三女公子虞华婚事尘埃落定,府中人人称道,艳羡不已。
周氏看在眼里,心中焦灼,趁着女儿虞慎在侧,当着她的面,与两名贴身婢子低声闲谈,句句皆绕着女儿的婚事。
她轻叹了口气,看向身侧婢子,语气带着期许:
“慎儿也将及笄,那日三女笄礼宴会,满堂世家公子若有慎儿中意的,为娘便帮你筹谋。”
一名婢子连忙附和,笑意殷切:
“若论最优人选,当属高宇公子。高公子年少有为,文武双全,高氏更是我齐国根基深厚的老牌大族,门第显赫。若是女公子能嫁入高府,往后便是尊荣安稳,前程坦荡,定然不输那嫡女华。”
另一名婢子亦连忙应声:
“婢子时常瞧见,高公子常与咱们女公子书信往来、相伴闲谈,交情素来亲厚。再者高家主母素来对咱们女公子偏爱器重,定是一桩良缘。”
周氏闻言,眸中期许缓缓黯淡,化作一抹苦涩,她苦笑着摇头,目光不自觉瞟向一旁默然静坐的虞慎,满是心疼与无奈:
“高府门第煊赫,慎儿怕难为正室。我这辈子俯仰由人、谨小慎微,受尽庶出侧室的苦楚。慎儿必要嫁得踏实安稳,做正室夫人,方可一生无忧。”
一婢子想起笄礼当日场景,语气又添几分愤懑不甘:
“那日笄礼,咱们女公子一舞倾城,偏偏那一出舞剑锋芒太盛,肆意抢风头,实在可恶。”
耳畔絮絮叨叨的议论声不断翻涌,字字句句戳在心上,虞慎只觉心口憋闷烦躁。
她强压下心底烦闷,垂下眼眸,语气温和却带着疏离,轻声开口:
“娘亲,天色已晚,夜深露重,女儿先回房歇息了。”
回到独居院落,屋内烛火清幽,静谧无声。虞慎缓步走到窗前,静静倚靠在窗棂边。她五指紧紧攥着一方素色帛绢,紧紧贴在胸口,指节微微泛白,力道几乎要将帛绢揉碎。
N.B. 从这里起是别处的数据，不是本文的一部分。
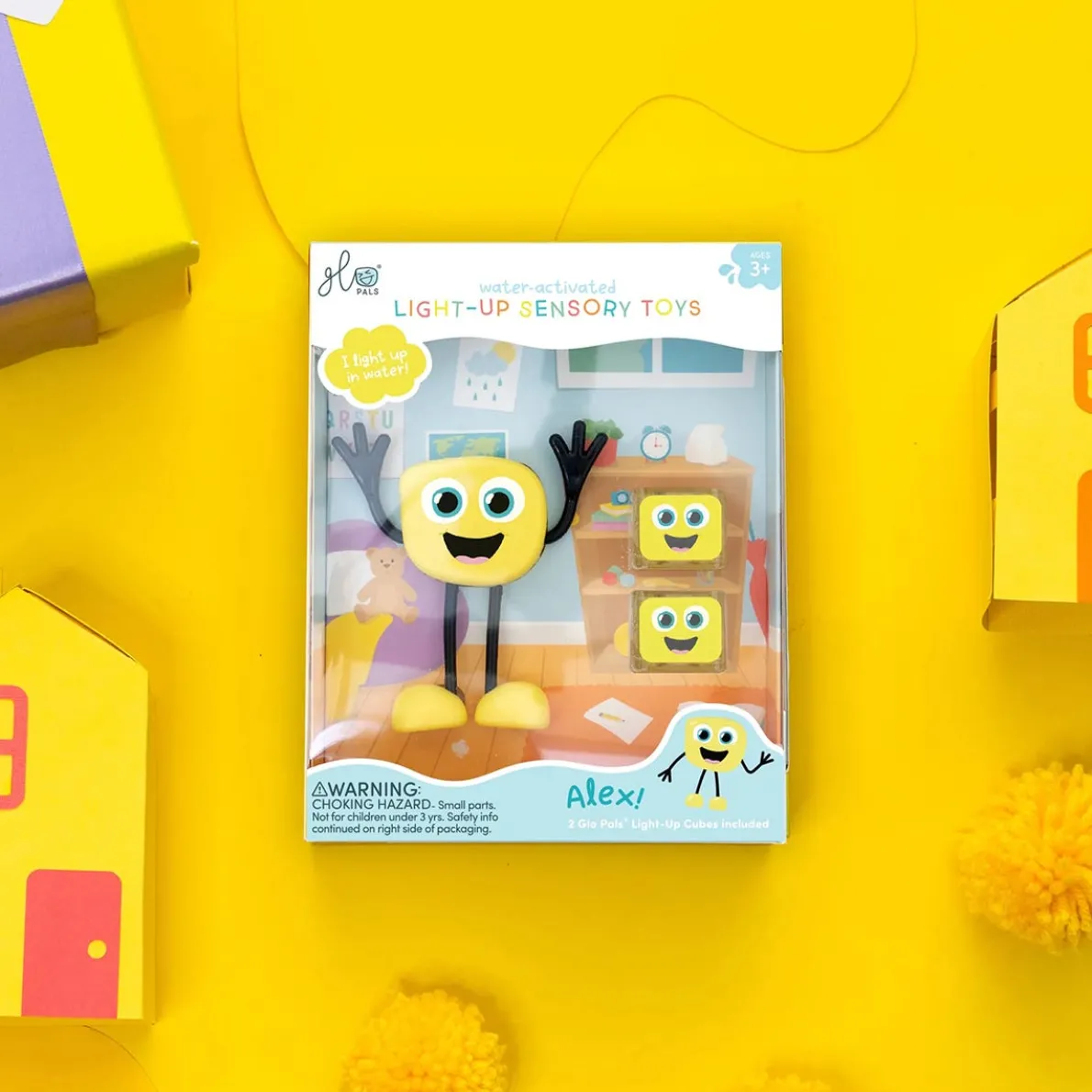 Insert your Glo Pals Light-Up Cube into the back of each Pal, drop it in the water, and watch it light up! Featuring bendable arms and colorful personalities, each Pal proudly illustrates the uniqueness in every child. Alex comes with2 Glo Pals Light-Up Cubes included in the box!
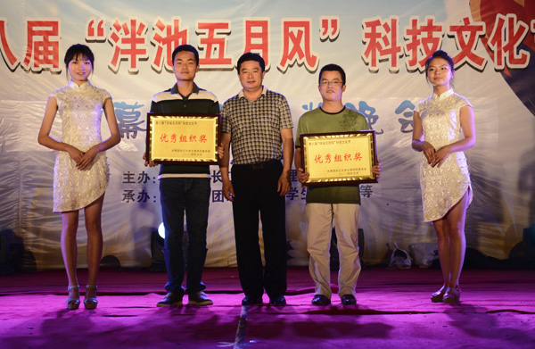 院领导为此次“泮池五月风”科技文化节各项比赛中获奖的选手代表颁奖。人文与传媒系、经济与贸易系获本次文化节的优秀组织奖。
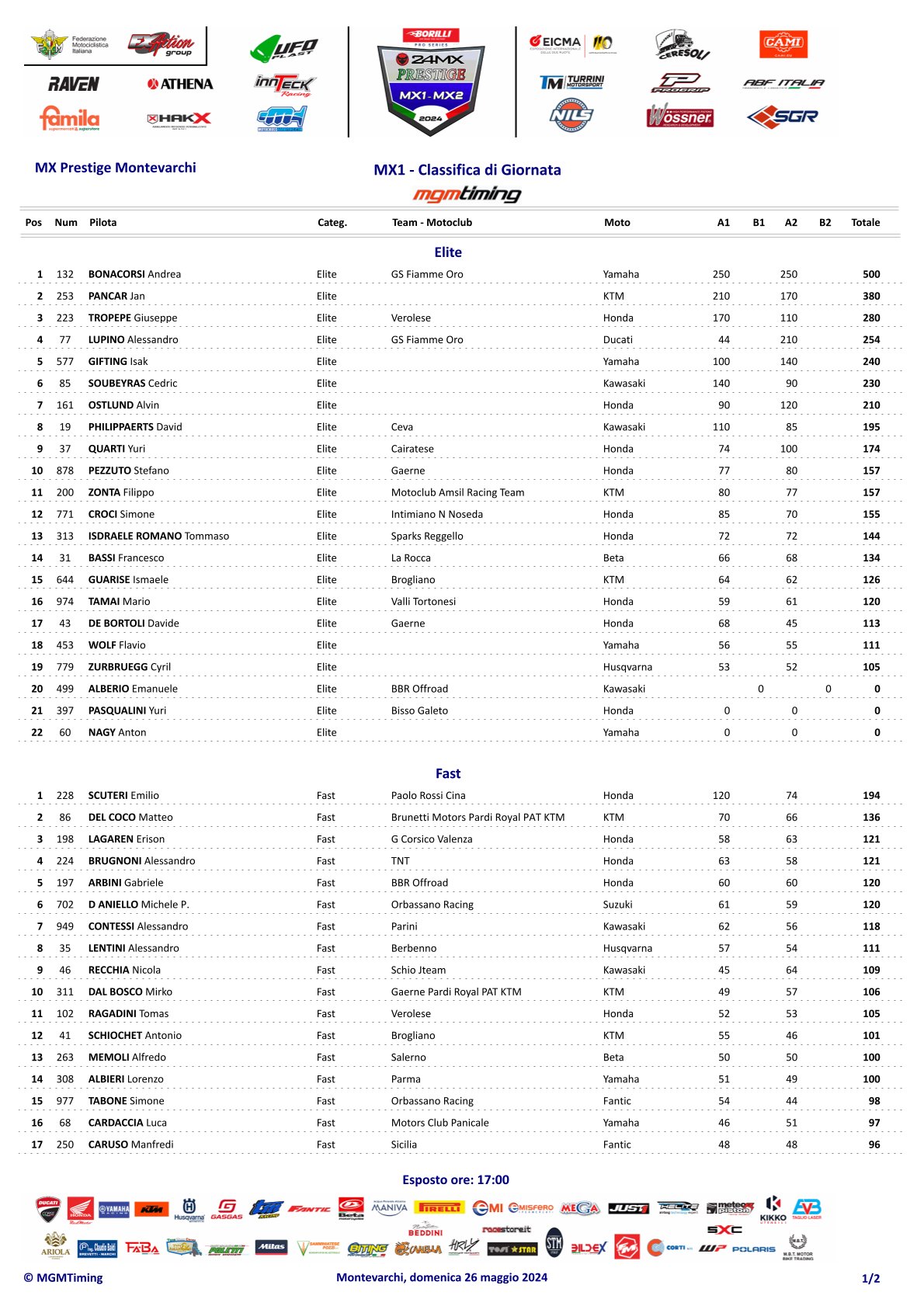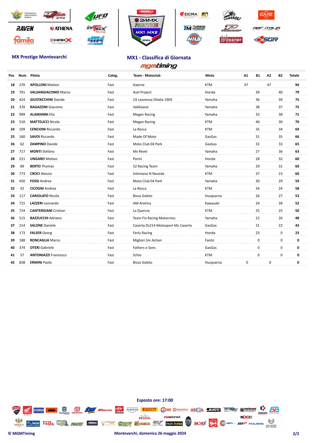 In de MX1 klasse won Andrea Bonacorsi beide manches en pakte de dagzege voor Jan Pancar 2-3 en Giuseppe Tropepe 3-6.
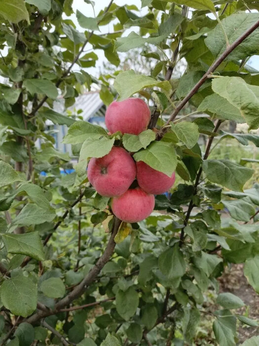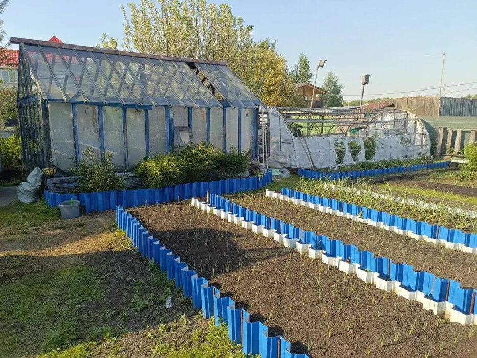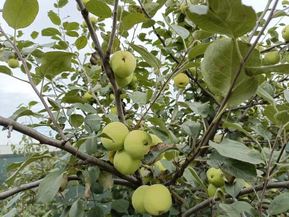 - По периметру участка имеeтcя многo плодовo-ягодных кустарников и деревьев: яблоня, облепиха, вишня, слива, малина, смородина, крыжовник; по центру растет клубника;
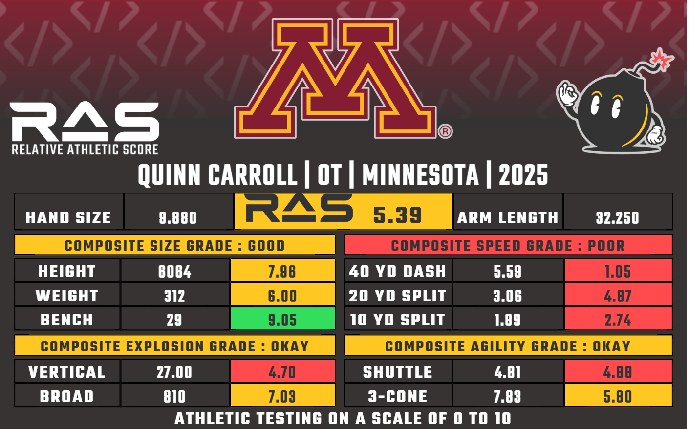 Lost in the obviously much bigger signing today was another American Tackle being added to the mix. Quinn Carroll from the 2025 draft class who just spent 3 years playing RT at Minnesota in the Big Ten after being recruited to Notre Dame as the 7th rated OT out of high school but not finding the starting lineup in 3 years there. He was honorable mention all-conference all three years. He went to rookie mini camp with the Eagles but didn’t end up signing anywhere. The blemishes that bring him up north likely are his T-rex arms at 32 1/4” which are unfortunately disqualifying for a Tackle in the NFL, being a 6th year senior, and not having enough athleticism to make up for those. Certainly an interesting guy to have a look at in camp.
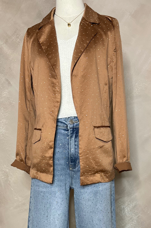 - Pasa de lo casual a lo elegante con nuestro blazer de satín. Este versátil blazer es perfecto para cualquier ocasión, estarás a la moda ya que es el color en tendencia 2025.
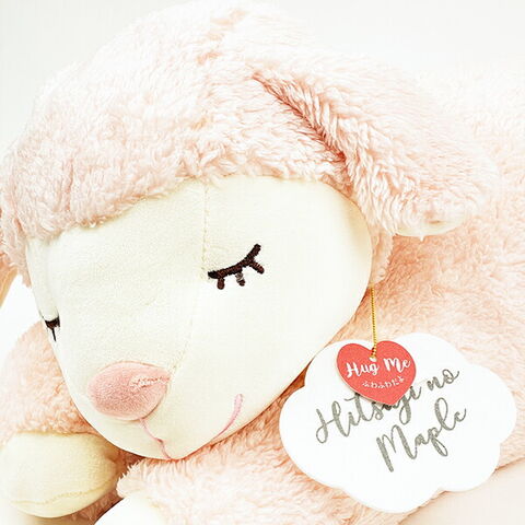 ひつじのメイプル(サクラ)の寝そべり抱きまくらです。メイプルはいつもみんなのことを考えているやさしいひつじさんです。誰かが寂しい思いをしていると放っておけずそっとそばにいてくれます。伸縮性のあるボア生地と羽毛みたいに柔らかい綿で極上の手触り☆ふわふわで癒されます♪メイ・ロップ・サクラの3匹いるので、ぜひお気に入りの子をお迎えしてあげてください☆

平整的帛绢被反复攥捏,布满层层褶皱,绢布背面,隐隐透出深浅不一的墨迹——那是她踌躇再三、斟酌数遍,却始终不敢寄出的告白书信。
案上清茶袅袅,温热水汽缓缓升腾,氤氲在清冷夜色里,朦胧了少女清丽娇嫩的眉眼,衬得她宛若含露花朵,绝色动人,却难掩眉尖深深蹙起的郁结心事,眼底满是怅惘与不安。
思绪悠悠飘回三年前的春日。彼时春雨潇潇,细雨如丝,漫天斜织如画。年少的她不慎被困雨中,无处避身,慌乱之下,孤身冲进高府朱红大门的檐下躲雨。
春寒料峭,细雨沾衣,浸透了单薄衣衫。她孤零零蹲在檐下,双臂环住双膝,瑟瑟发抖,寒凉浸透四肢百骸。水雾氤氲的眼眸里蓄满委屈无措的泪水,孤苦又单薄。
雨势迟迟未歇,就在她满心寒凉无助之时,厚重的朱门缓缓开启,一名俊朗少年踏雨而出。年少的高宇身姿挺拔,眉目清朗,手中稳稳执着一柄素伞,缓步走到她身前,温柔递来。
他抬眸看向狼狈垂泪的她,笑意温暖明亮,似穿透漫天冷雨的暖阳,一瞬驱散了她心底所有阴云。少女怔怔凝望,拭干眼角泪水,亦仰头回以一抹浅浅笑意。
便是这一伞之缘,牵绊至今,三年未断。
她素来性情沉静,不喜外出游乐,常年深居简出、闭门度日;而高宇自幼被家中长辈严加管束,亦少有闲时外出。
二人便以白鸽传书为契,笔墨互通。三年光阴,百余封书信,字字温柔,句句知心。每有白鸽携信归来,便是她孤寂岁月里最欢喜、最雀跃的时刻,是她黯淡生活里唯一的光亮与慰藉。
可近月以来,世事悄然翻转。
她先是结识了二姐虞乐。虞乐生母早逝,无依无靠,在府中素来处境窘迫、备受打压,地位远不如她。起初虞慎心中安稳踏实,终于有一人身份不及自己,她真心将虞乐视作难得的知音,满心坦诚相待。
自笄礼盛宴过后,虞乐与嫡女公子虞华愈发亲近,形影不离,二人脾性相投,俨然更像是一路人,而自己却像是无端被冷落。
更让她耿耿于怀的是,素来不喜庶女的主母田敏,竟破格赏识抬举虞乐,频频予以器重。而她又成了最无人问津、无人看重的存在。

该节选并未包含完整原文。